Copy nothing but the lines below, from the one with "Cartão De Informações" through the one with "- De stoel heeft", exactly as written; no pictures should appear.
--- RECORDS SHOWN Enclosed Below ---
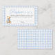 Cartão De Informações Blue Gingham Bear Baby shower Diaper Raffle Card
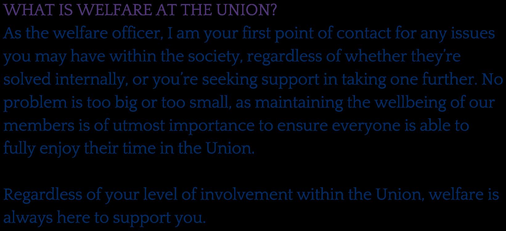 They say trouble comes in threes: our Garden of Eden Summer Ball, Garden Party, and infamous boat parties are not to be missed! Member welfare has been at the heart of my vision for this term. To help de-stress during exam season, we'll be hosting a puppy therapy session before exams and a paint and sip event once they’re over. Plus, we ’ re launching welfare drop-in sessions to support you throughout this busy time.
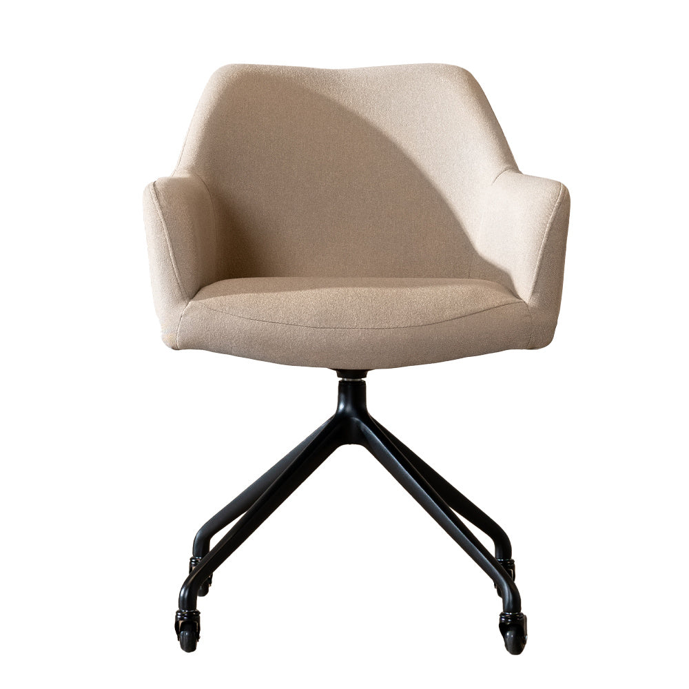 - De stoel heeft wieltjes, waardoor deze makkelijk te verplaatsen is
--- End of Enclosed RECORDS SHOWN ---
--- RECORDS SHOWN Enclosed Below ---
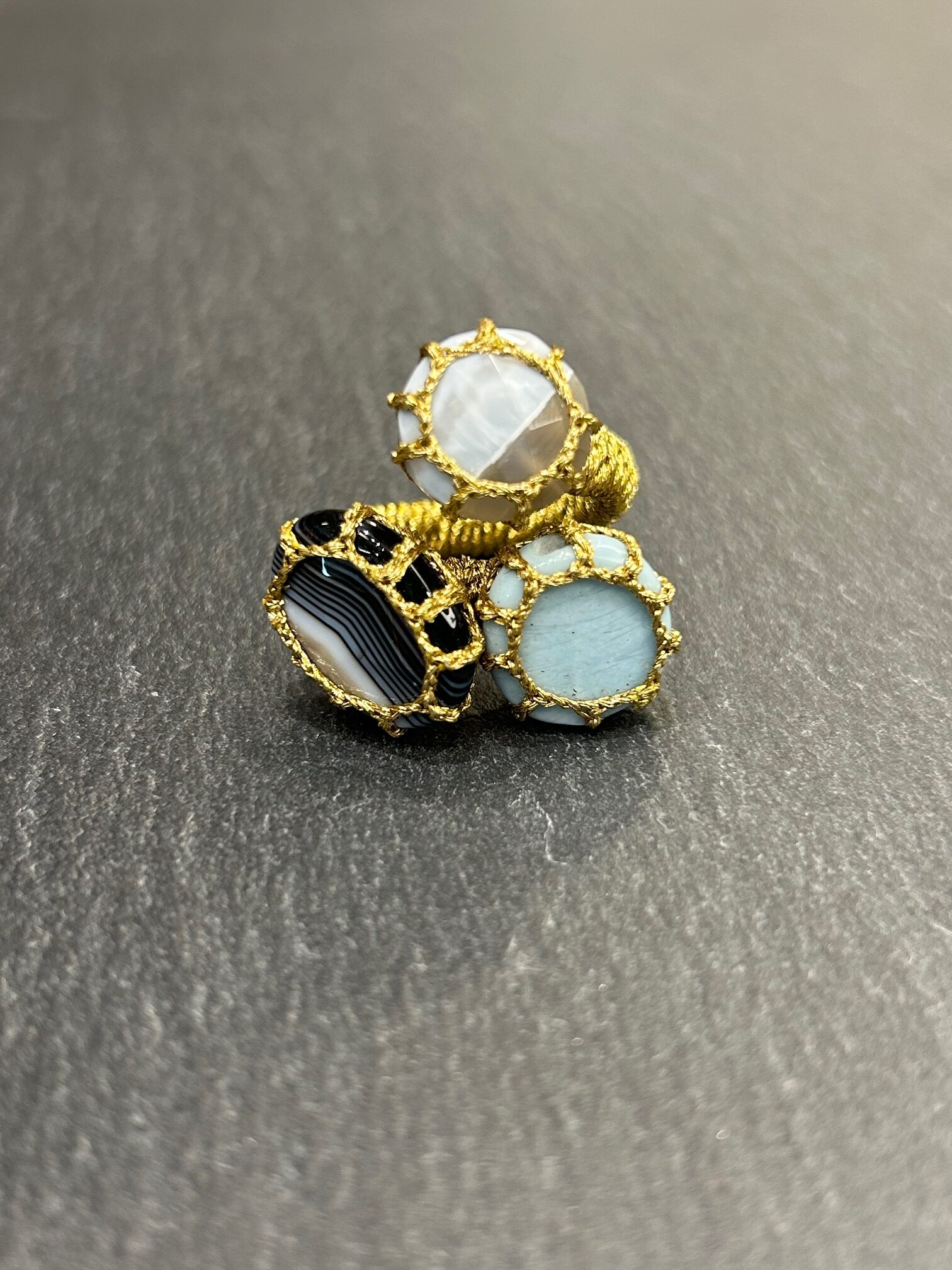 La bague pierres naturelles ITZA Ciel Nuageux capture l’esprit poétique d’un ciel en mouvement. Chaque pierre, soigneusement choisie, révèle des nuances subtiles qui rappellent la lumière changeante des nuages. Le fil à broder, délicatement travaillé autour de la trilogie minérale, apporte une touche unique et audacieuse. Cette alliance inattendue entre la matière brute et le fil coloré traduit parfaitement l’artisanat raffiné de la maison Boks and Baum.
--- End of Enclosed RECORDS SHOWN ---
TASK SOLUTION:
 Cartão De Informações Blue Gingham Bear Baby shower Diaper Raffle Card
 They say trouble comes in threes: our Garden of Eden Summer Ball, Garden Party, and infamous boat parties are not to be missed! Member welfare has been at the heart of my vision for this term. To help de-stress during exam season, we'll be hosting a puppy therapy session before exams and a paint and sip event once they’re over. Plus, we ’ re launching welfare drop-in sessions to support you throughout this busy time.
 - De stoel heeft wieltjes, waardoor deze makkelijk te verplaatsen is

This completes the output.